Another variant of the approach is to use one color histogram to describe foreground regions. This histogram is shared by all the views. Foreground and background histograms are no longer complementary. Nevertheless, the method for segmenting the foreground object from the background described above can still be applied, provided a few modifications are brought to the equations of steps E5 and E7.
Figure 7 diagrammatically shows a hardware embodiment of a device 1 adapted for the segmentation of a foreground object in 3D scene, according to a particular and non-restrictive embodiment of the invention. The device 1 is for example to a personal computer PC or a laptop.
The device 1 comprises the following elements, connected to each other by a bus 15 of addresses and data that also transports a clock signal:
- a microprocessor 1 1 (or CPU),
- a graphics card 12 comprising:
• one or several Graphical Processor Units (or GPUs) 120,
• a Graphical Random Access Memory (GRAM) 121 ,
- a non-volatile memory of ROM (Read Only Memory) type 16, - a Random Access Memory or RAM 17,
- one or several I/O (Input/Output) devices 14 such as for example a keyboard, a mouse, a webcam, and
- a power source 18.
The device 1 also comprises a display device 13 of display screen type directly connected to the graphics card 12 to display notably the display of synthesized images calculated and composed in the graphics card. According to a variant, a display device is external to the device 1 and is connected to the device 1 by a cable transmitting the display signals. The device 1 , for example the graphics card 12, comprises a means for transmission or connection (not shown in figure 7) adapted to transmit a display signal to an external display means such as for example an LCD or plasma screen or a video-projector.

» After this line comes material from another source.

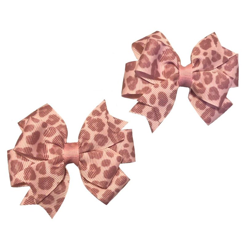 These bows come 2 in a set. They can be mounted on small french barrettes OR partially lined alligator clips. Each set consists of one bow for the right side of the head and one bow for the left side of the head. Each of these bows measure 3.5 inches wide by 3 inches high.
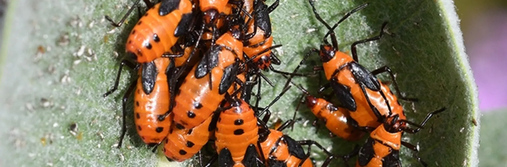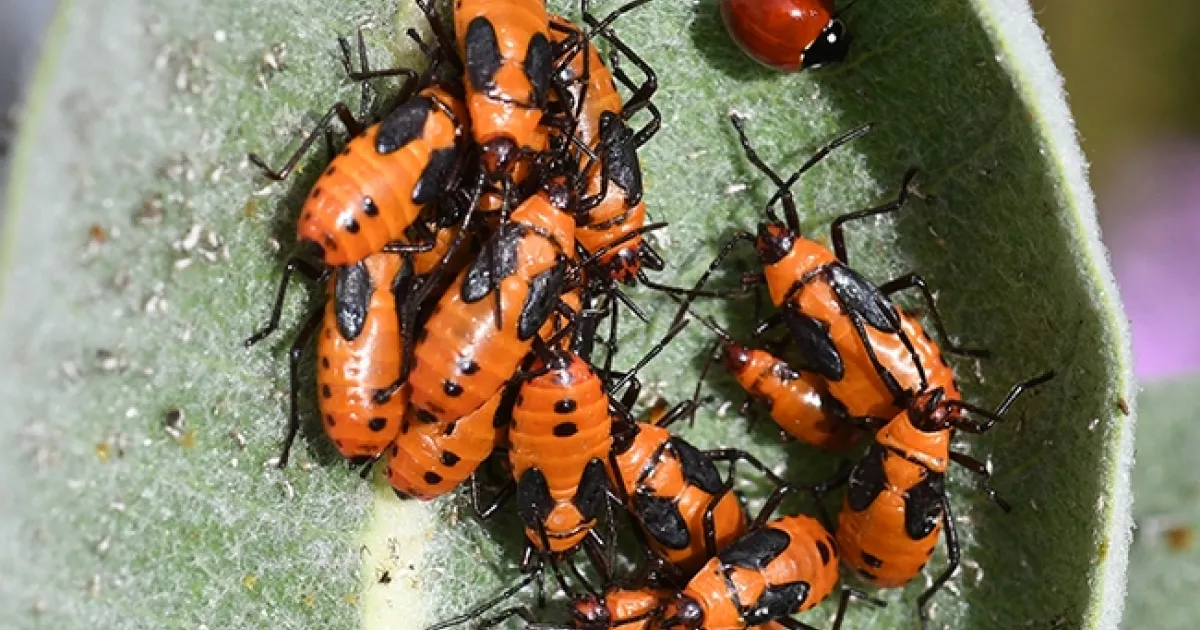 They're seed eaters, but as Hugh Dingle, emeritus professor of entomology, UC Davis Department of Entomology and Nematology says: "They are opportunistic and generalists." They not only eat seeds, but monarch eggs and larvae, as well as the oleander aphids that infest the milkweed.

When switched on, the microprocessor 1 1 loads and executes the instructions of the program contained in the RAM 17.
The random access memory 17 notably comprises:
- the operating program of the microprocessor 1 1 responsible for initializing the device 1 ,
- the program instructions and data needed for the implementation of the foreground object segmentation algorithm.
Advantageously, the program instructions loaded in the RAM 17 and executed by the microprocessor 1 1 implement the initialization steps E1 to E4 of the algorithm (shown on Fig. 7), while the computationally intensive steps E5 to E9 are executed on the GPUs 120. To this purpose, the n images or views of the scene, the locations of the projections of the samples in each image computed in step E3, and the initial values of the color models computed in step E2 as well as of the priors on the samples labels, are copied from the RAM 17 into the graphical RAM 121 . Further, once the parameters 170 representative of the environment are loaded into the RAM 17, the GPU instructions for steps E5 to E9 of the algorithm, in the form of microprograms or "shaders" written for instance in the OpenCL or CUDA shader programming languages, are loaded into the GRAM 121 . When the program code reaches step E5 of the algorithm, dedicated CPU instructions transfer the execution of subsequent steps E5 to E9 to said shaders and retrieves the results of the corresponding computations over the bus 15.

Claims

1 ) Method for segmenting a foreground region from a background region in a three-dimensional scene, said scene being captured by n capturing devices disposed at several points of view and generating n images of the scene, with n>2, the method comprising the successive following steps:
a) determining (E1 ) a volume bounding said foreground region; b) defining (E2) a first color model associated to the foreground region in the bounding volume and a second color model associated to the background region in the bounding volume for each image;
c) selecting (E3) a plurality of 3D samples of the bounding volume according to a predetermined law;
d) projecting (E4) the selected 3D samples in each image;
e) computing (E5), in each image, the probabilities that the colors associated to the projections of the selected 3D samples belong to the first and second color models;
f) computing (E6), for each one of the selected 3D samples, a probability, called foreground probability, that it belongs to the foreground region in the n images and, for each image, a probability, called background probability, that it belongs to the background region of said image according to the result of step e);
g) updating (E7) said first and second color models in each image according to the foreground and background probabilities associated to the 3D samples; and
h) reiterating (E8) steps e) to g) until the first and second color models or the foreground and background probabilities of the selected 3D samples meet a predetermined convergence criterion, the 3D samples belonging to the foreground region being the 3D samples having a foreground probability higher than each one of the background probabilities. 2) Method according to claim 1 , wherein step g) comprises the following steps:
g1 ) constructing a graph (8) comprising two terminal nodes (86, 87), a foreground label being associated with one of the two terminal nodes and a background label being associated with the other one of the two terminal nodes, first nodes (821 to 824, 810 to 812) each associated with a pixel or a superpixel of said n images, second nodes (83, 84, 85) each associated with a 3D sample of the selected 3D samples, the first and second nodes being connected to each of the two terminal nodes via first and second weighted edges (861 , 862; 871 , 872), the first nodes being connected with each other via third weighted edges (8121 , 8122; 8241 , 8242) and the second nodes being connected to the first nodes via fourth weighted edges (851 , 852),
g2) cutting said graph according to the min s-t cut method in a first and in a second part, the first part of the graph comprising one of the two terminal nodes, at least a part of the first nodes and a at least a part of the second nodes and the second part of the graph comprising the other one of the two terminal nodes and the first and second nodes not comprised in the first part.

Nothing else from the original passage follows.